Cue panic, outrage, and the collective sound of paid subscribers asking, “Why are we getting ads now?”
The incident came to light when Hyperbolic co-founder Yuchen Jin posted a screenshot on X showing ChatGPT politely, but bizarrely, suggesting he “connect the Peloton app.”
Jin, notably a $200-per-month Pro Plan subscriber, was not thrilled. And the internet agreed.
His post racked up nearly half a million views, spawning threads of users complaining that ChatGPT had also been trying to push them toward apps like Spotify, even when they explicitly preferred Apple Music.
Cue the dystopian jokes and a few, “I didn’t pay $200 for this.”
OpenAI’s Daniel McAuley eventually jumped into the conversation to put out the fire. No, he insisted, this was not an ad.

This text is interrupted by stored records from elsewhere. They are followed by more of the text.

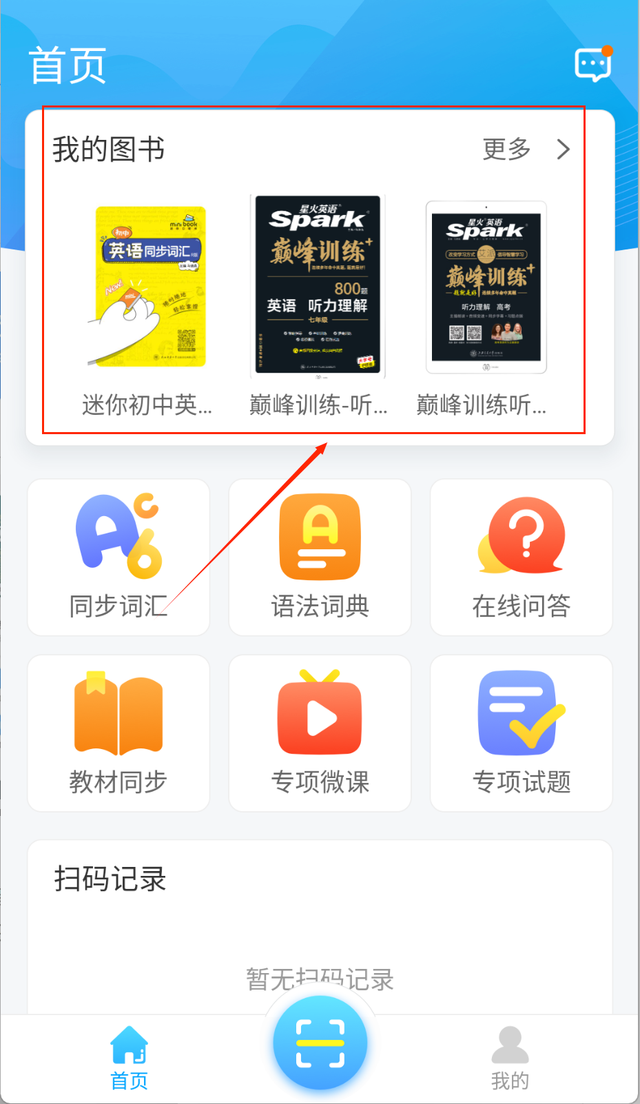 3、在首页右滑找到"我的图书"栏目,选择听力材料开始练习,配合专项微课巩固知识点,学习效果更好啦。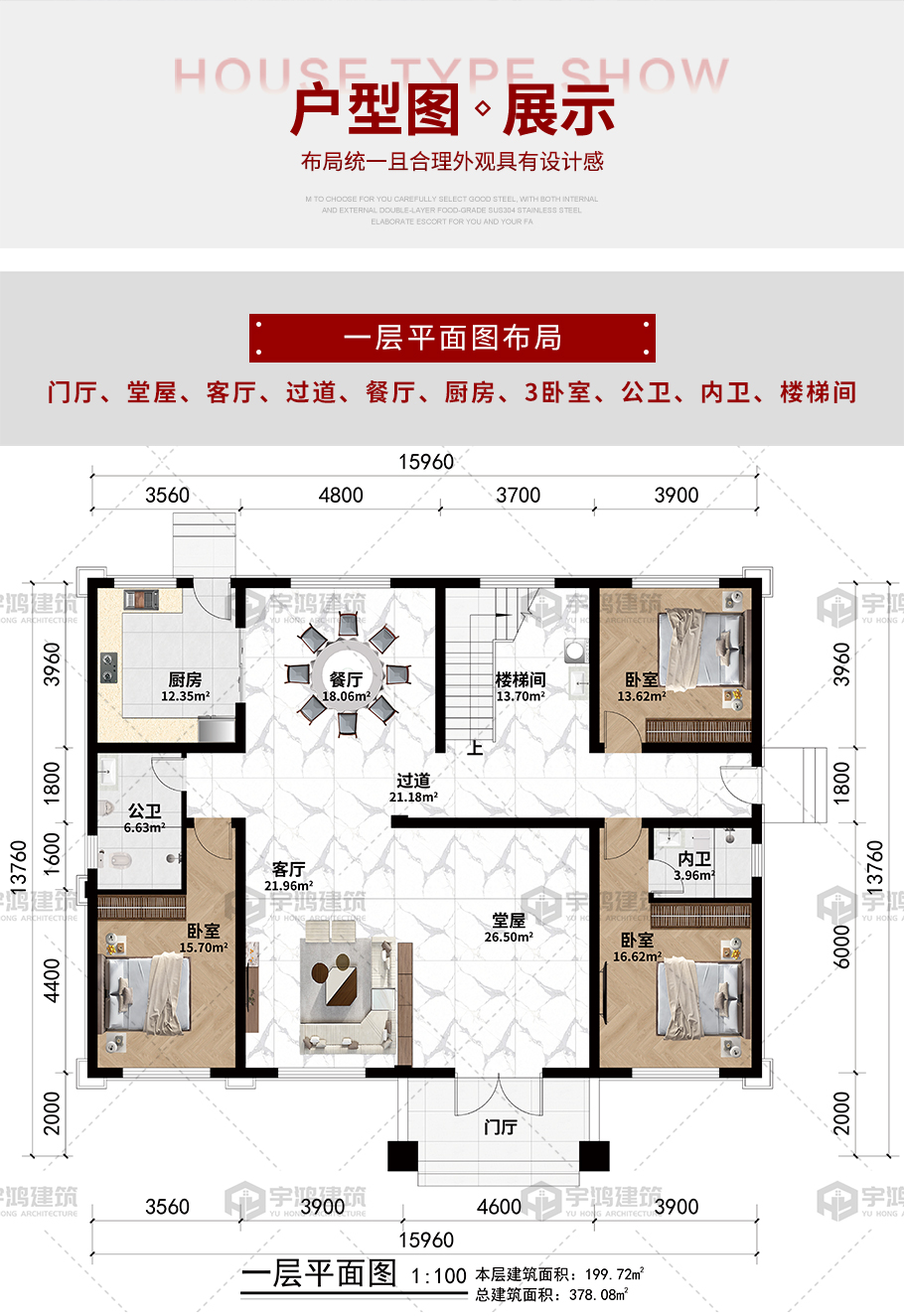 | 開間:15.96米 | 進深:13.76米 | 占地面積:205.59平方米 | 建筑面積:378.08平方米 |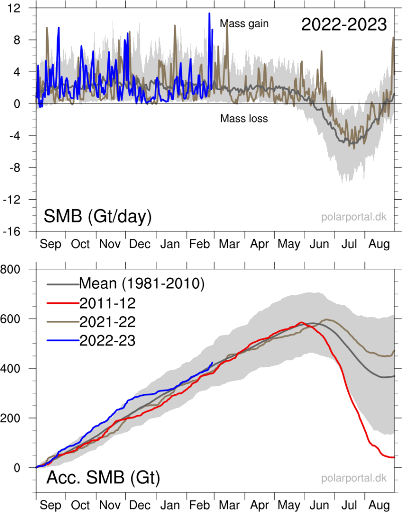 Even more illustrative is the development of ice on Greenland. In 2012 it looked like all of Greenland was going to melt in less than 1000 years, and the polar ice cap would be gone altogether in late summer of 2020. The ice over Greenland is now growing ever so slightly again: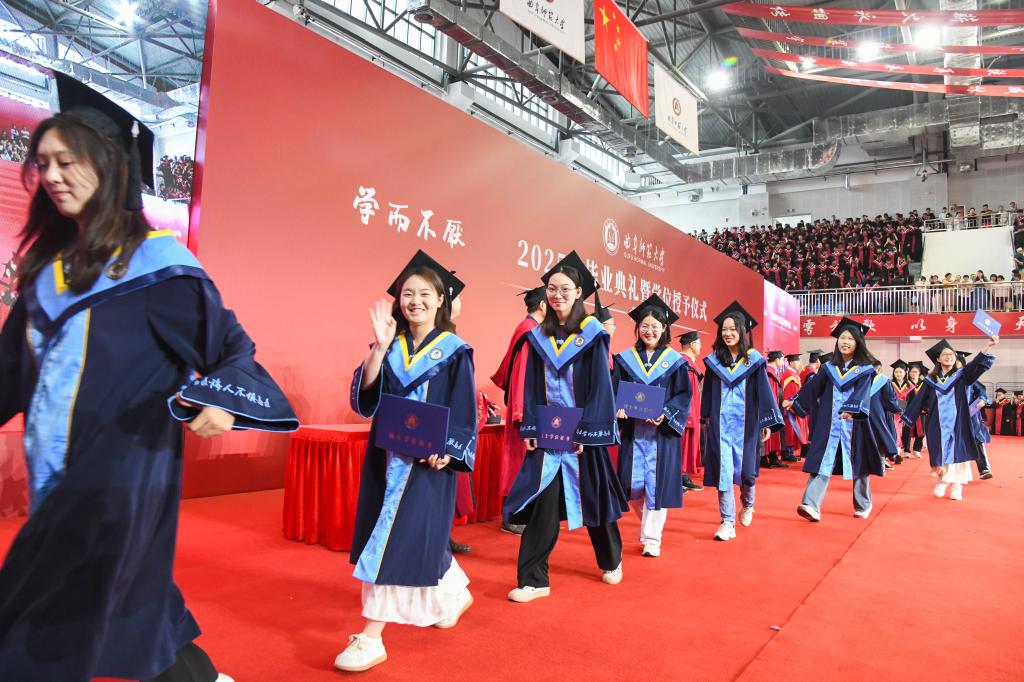 “感谢母校赋予我们那份‘顶天立地’的精神品格!”刘涛校友在典礼上分享了从曲园毕业到北大继续深造、从海外留学归国到成为领域专家的个人历程。他表示,正是曲园的精神追求,引领着一代代曲园学子胸怀理想、脚踏实地,在谦逊务实中不断追求卓越,在各个领域、各类岗位上建树时代新功、彰显曲园贡献。他以一名“老学长”的身份寄语毕业学子永葆“学而不厌”的态度,持续锻造更强大的自己;践行“诲人不倦”的精神,在成就他人中成就自我;拥抱“苟日新,日日新”的潮流,勇立时代潮头。

There was “no financial component.” It was just ChatGPT trying, poorly, to surface an app as part of OpenAI’s new “app discovery” experiments.
McAuley admitted the suggestion was irrelevant and confusing, adding that the team was iterating on the experience.
OpenAI later confirmed that this was all part of a broader test tied to its new app platform announced in October.
The vision: apps that “fit naturally” into conversations, popping up when they’re useful, like Canva for design tasks or Booking.com for travel planning.
The reality: Peloton is showing up while discussing xAI.
Even if the suggestion had been relevant, users pointed out that recommending a paid app feels a lot like advertising, especially since there’s currently no way to turn these suggestions off.
And that poses a real problem for OpenAI’s dream of becoming the new app store inside your chatbot. If users feel nagged, they may wander off to a less pushy competitor.
For now, ChatGPT’s app suggestions remain in pilot mode and unavailable in the EU, UK, and Switzerland.
But one thing’s clear: if OpenAI wants users to embrace chatbot-powered apps, it’ll need to make those suggestions feel helpful, not like product placement from an overeager gym buddy.